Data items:
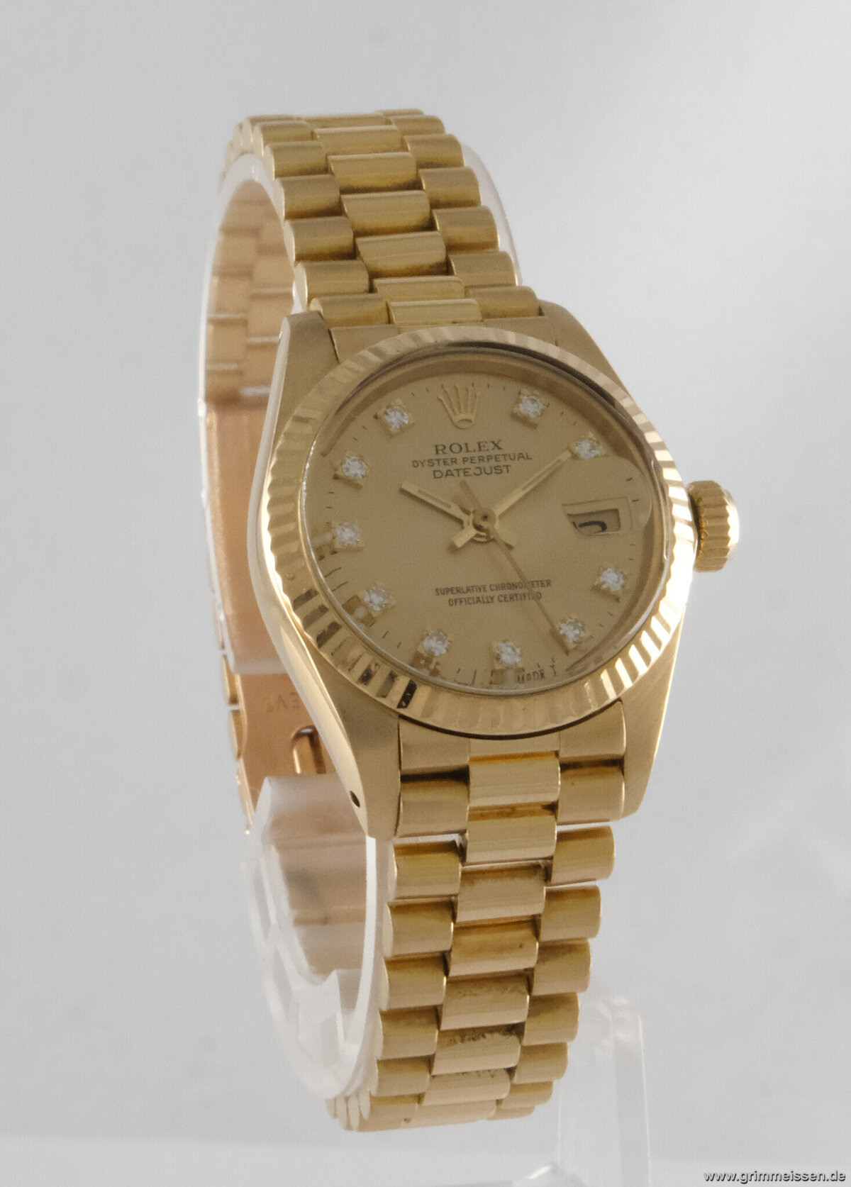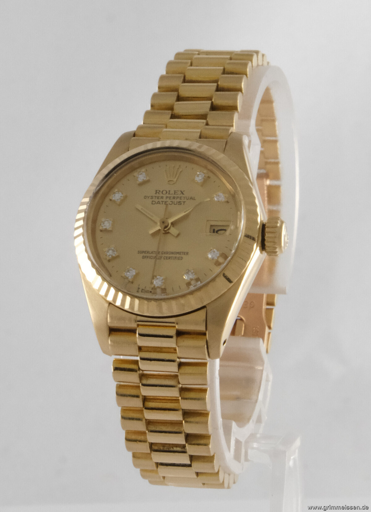 | Sonstiges: | Zentralsekunde, Edelsteinbesatz, Chronometer, Verschraubte Krone, Originalzustand/Originalteile. |
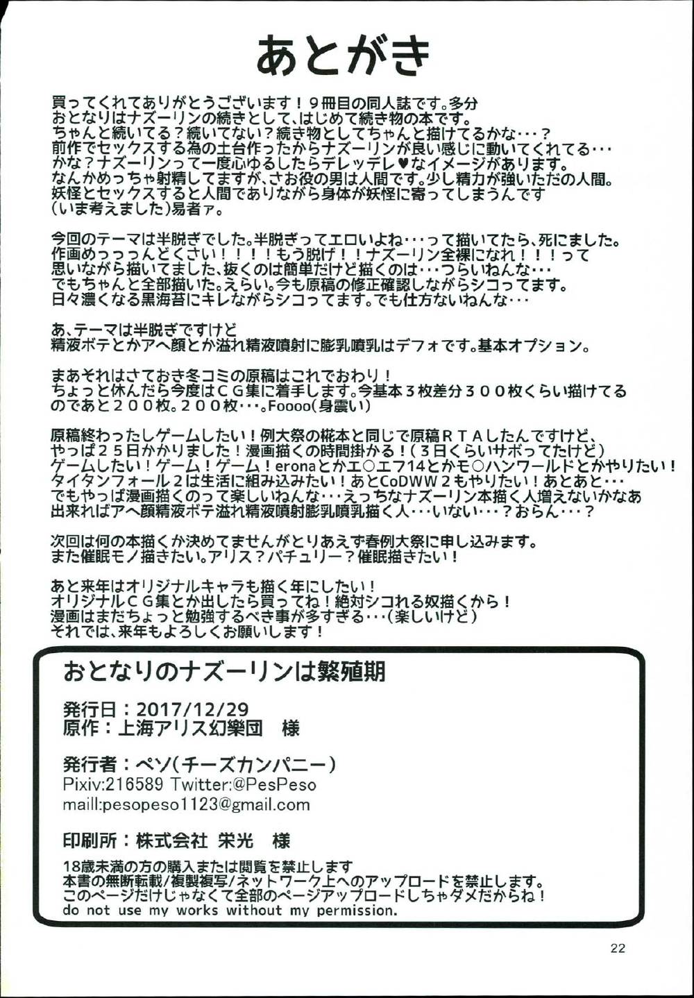 おとなりのナズーリンは繁殖期
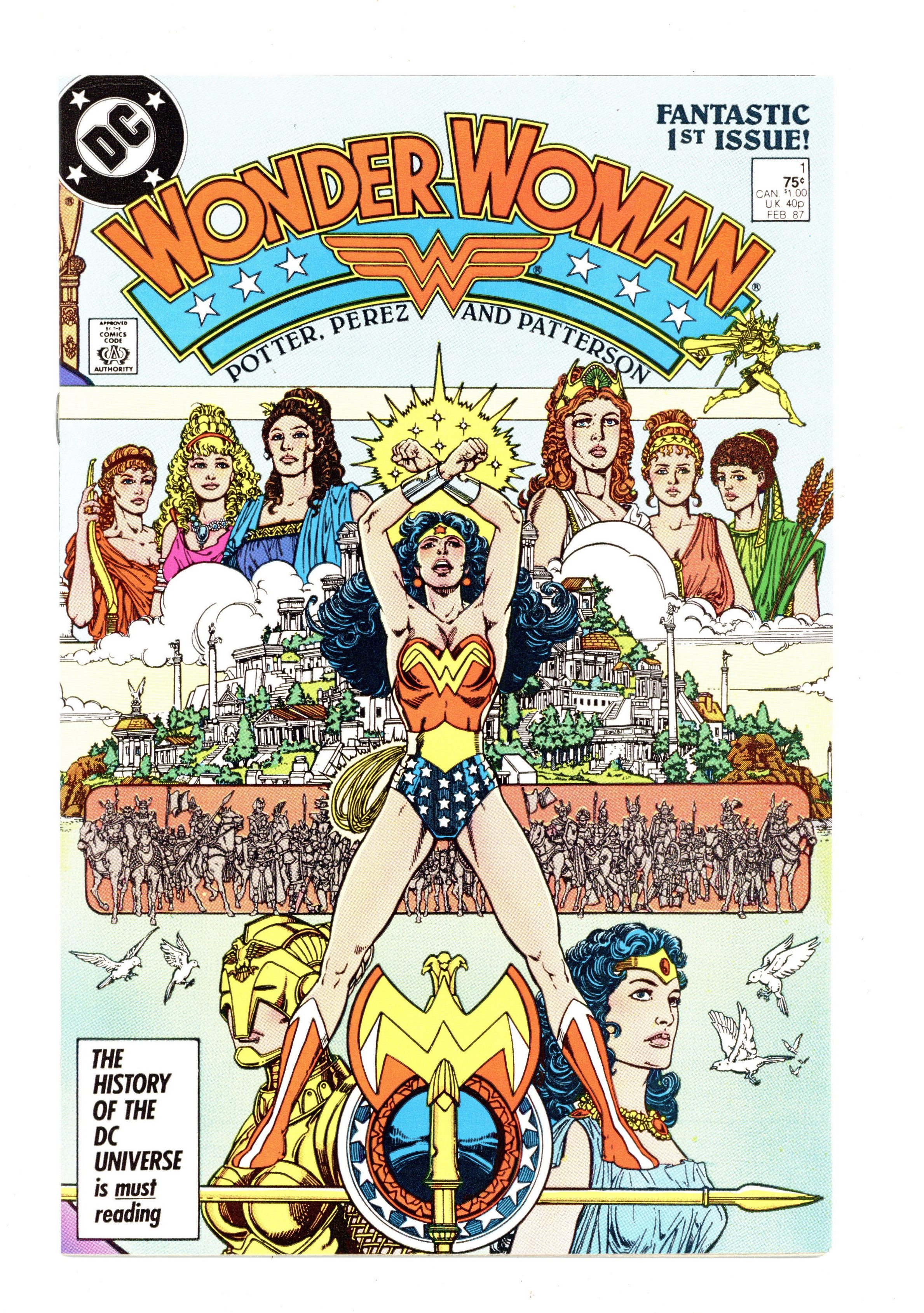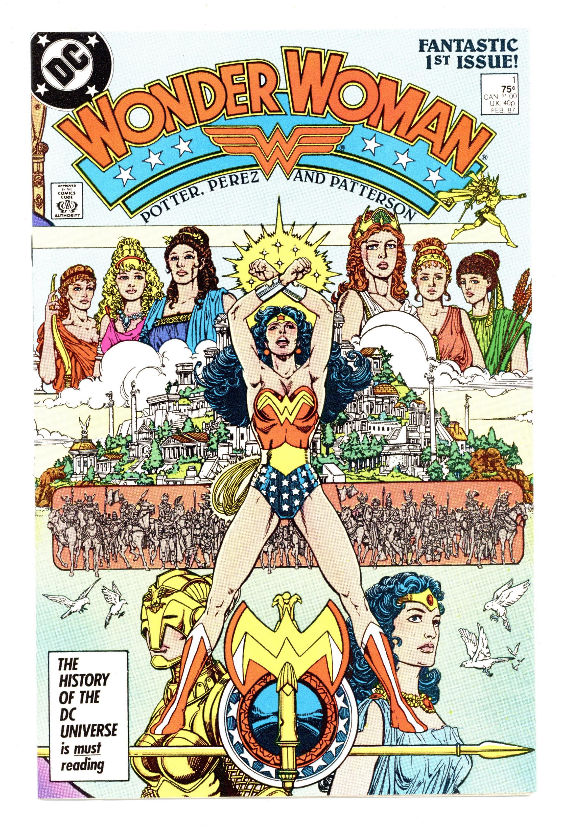 Starts Feb 2 Direct Edition. In this post-Crisis on Infinite Earths re-imagining of the Wonder Woman mythos, Diana is born of clay, growing on Paradise Island to become the champion of the Amazons. "The Princess and the Power!" Part 1 of 6, continued next issue. Script by Greg Potter, co-plot and pencils by George Perez, inks by Bruce Patterson. Perez inks first 2 pages and the final page. Wrap-around cover. No ads. Perez cover. 36 pgs. Cover price $0.75.
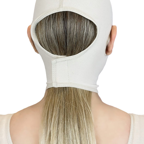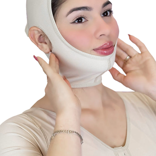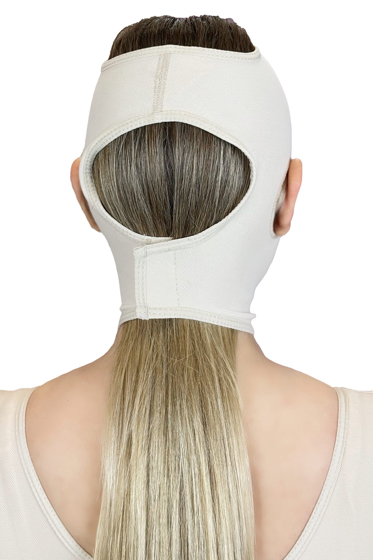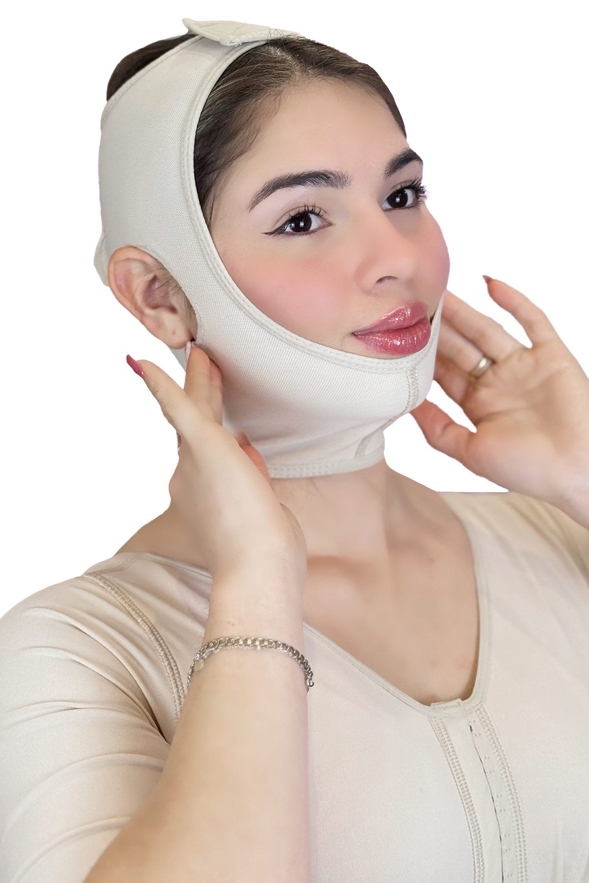 Prenda postquirúrgica de Powernet que brinda compresión firme y cómoda en mentón, mejillas y cuello. Ayuda a reducir la inflamación, definir el contorno facial y favorecer la adherencia de la piel tras procedimientos estéticos o quirúrgicos, adaptándose perfectamente al rostro sin causar molestias.
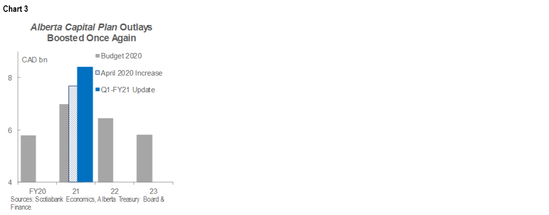 In respect of the severe ongoing economic challenges, Capital Plan expenditures are now expected to total $8.4 bn in FY21. Since scaling back infrastructure outlays in its maiden fiscal plan in 2019, the government has laid out a series of spending increases (chart 3, p.2). The two most recent boosts reflect the severity of COVID-19 downturn, with the largest funding increases since February allocated to the Departments of Municipal Affairs and Housing, and Transportation, reflecting economic stimulus efforts. With the previously announced $1.5 bn investment to accelerate work on the Keystone XL pipeline, the Province has allotted nearly $10 bn to infrastructure in FY21.
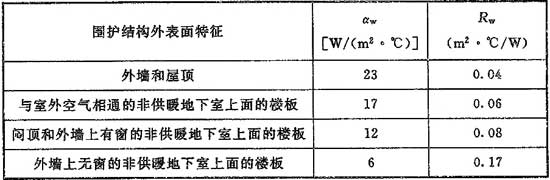 表5.2.4-1 外表面換熱系數(shù)αw和換熱阻Rw值
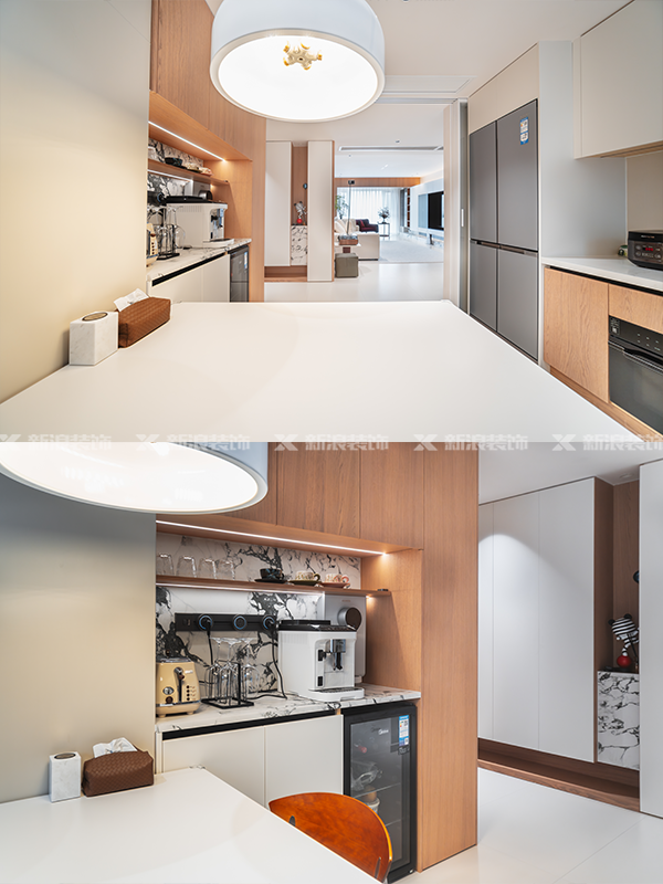 開放格+封閉柜結合,水吧臺、杯具、雜物各有專屬位置,收納強迫癥患者的福音!
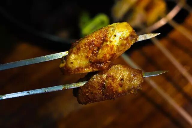 粗盐、孜然,辣椒……香料的颗粒粒粒分明的裹在肉上,大块大块的肉纹理分明,肥瘦相间,经过腌制,香味已然浸透,用不锈钢金属签子,烤出来的肉香和口感才是对的,才会有外焦里嫩的效果!肉是腌制好的,很入味,适合懒癌的你们~
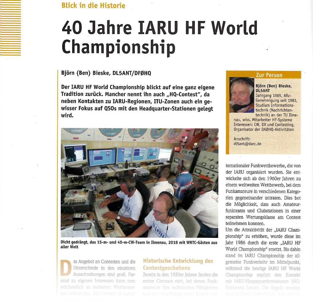 Aus Ilmenau sind wir hier gleich mit zwei Artikeln vertreten, einmal über die Geschichte der Nationalmannschaft DA0HQ zur IARU HF Championship und deren Anfänge in Ilmenau. Zum anderen über die Aktivitäten des Ortsverbands X30 Ilmenau im DARC UKW Contest Pokal und der Weg zum Gewinn des Pokals als verhältnismäßig kleiner Verein.
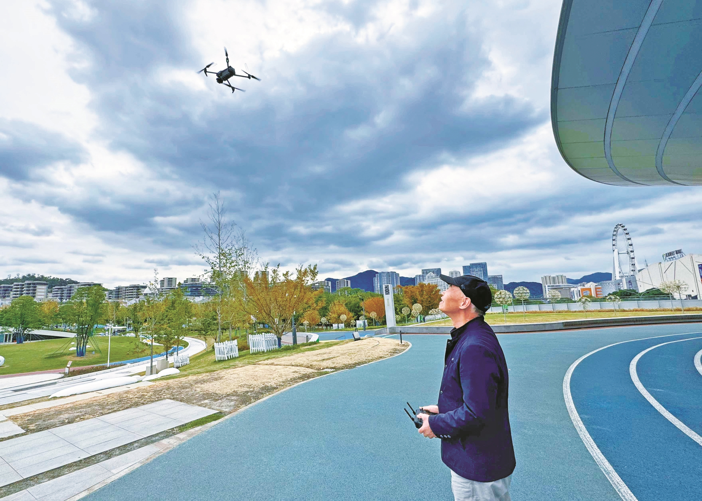 在北仑新碶街道,一位老人正仰头望向天空,手中遥控器轻巧拨动,一架无人机呼啸升空,掠过凤凰山公园、穿过高楼间隙,将城市风貌尽收眼底。他是84岁的李纯和,一名玩转无人机航拍的“老飞手”。

* **Requirement**: Reproduce each line of the records exactly and exclude any images.

* **Task answer**:
 | Sonstiges: | Zentralsekunde, Edelsteinbesatz, Chronometer, Verschraubte Krone, Originalzustand/Originalteile. |
 おとなりのナズーリンは繁殖期
 Starts Feb 2 Direct Edition. In this post-Crisis on Infinite Earths re-imagining of the Wonder Woman mythos, Diana is born of clay, growing on Paradise Island to become the champion of the Amazons. "The Princess and the Power!" Part 1 of 6, continued next issue. Script by Greg Potter, co-plot and pencils by George Perez, inks by Bruce Patterson. Perez inks first 2 pages and the final page. Wrap-around cover. No ads. Perez cover. 36 pgs. Cover price $0.75.
 Prenda postquirúrgica de Powernet que brinda compresión firme y cómoda en mentón, mejillas y cuello. Ayuda a reducir la inflamación, definir el contorno facial y favorecer la adherencia de la piel tras procedimientos estéticos o quirúrgicos, adaptándose perfectamente al rostro sin causar molestias.
 In respect of the severe ongoing economic challenges, Capital Plan expenditures are now expected to total $8.4 bn in FY21. Since scaling back infrastructure outlays in its maiden fiscal plan in 2019, the government has laid out a series of spending increases (chart 3, p.2). The two most recent boosts reflect the severity of COVID-19 downturn, with the largest funding increases since February allocated to the Departments of Municipal Affairs and Housing, and Transportation, reflecting economic stimulus efforts. With the previously announced $1.5 bn investment to accelerate work on the Keystone XL pipeline, the Province has allotted nearly $10 bn to infrastructure in FY21.
 表5.2.4-1 外表面換熱系數(shù)αw和換熱阻Rw值
 開放格+封閉柜結合,水吧臺、杯具、雜物各有專屬位置,收納強迫癥患者的福音!
 粗盐、孜然,辣椒……香料的颗粒粒粒分明的裹在肉上,大块大块的肉纹理分明,肥瘦相间,经过腌制,香味已然浸透,用不锈钢金属签子,烤出来的肉香和口感才是对的,才会有外焦里嫩的效果!肉是腌制好的,很入味,适合懒癌的你们~
 Aus Ilmenau sind wir hier gleich mit zwei Artikeln vertreten, einmal über die Geschichte der Nationalmannschaft DA0HQ zur IARU HF Championship und deren Anfänge in Ilmenau. Zum anderen über die Aktivitäten des Ortsverbands X30 Ilmenau im DARC UKW Contest Pokal und der Weg zum Gewinn des Pokals als verhältnismäßig kleiner Verein.
 在北仑新碶街道,一位老人正仰头望向天空,手中遥控器轻巧拨动,一架无人机呼啸升空,掠过凤凰山公园、穿过高楼间隙,将城市风貌尽收眼底。他是84岁的李纯和,一名玩转无人机航拍的“老飞手”。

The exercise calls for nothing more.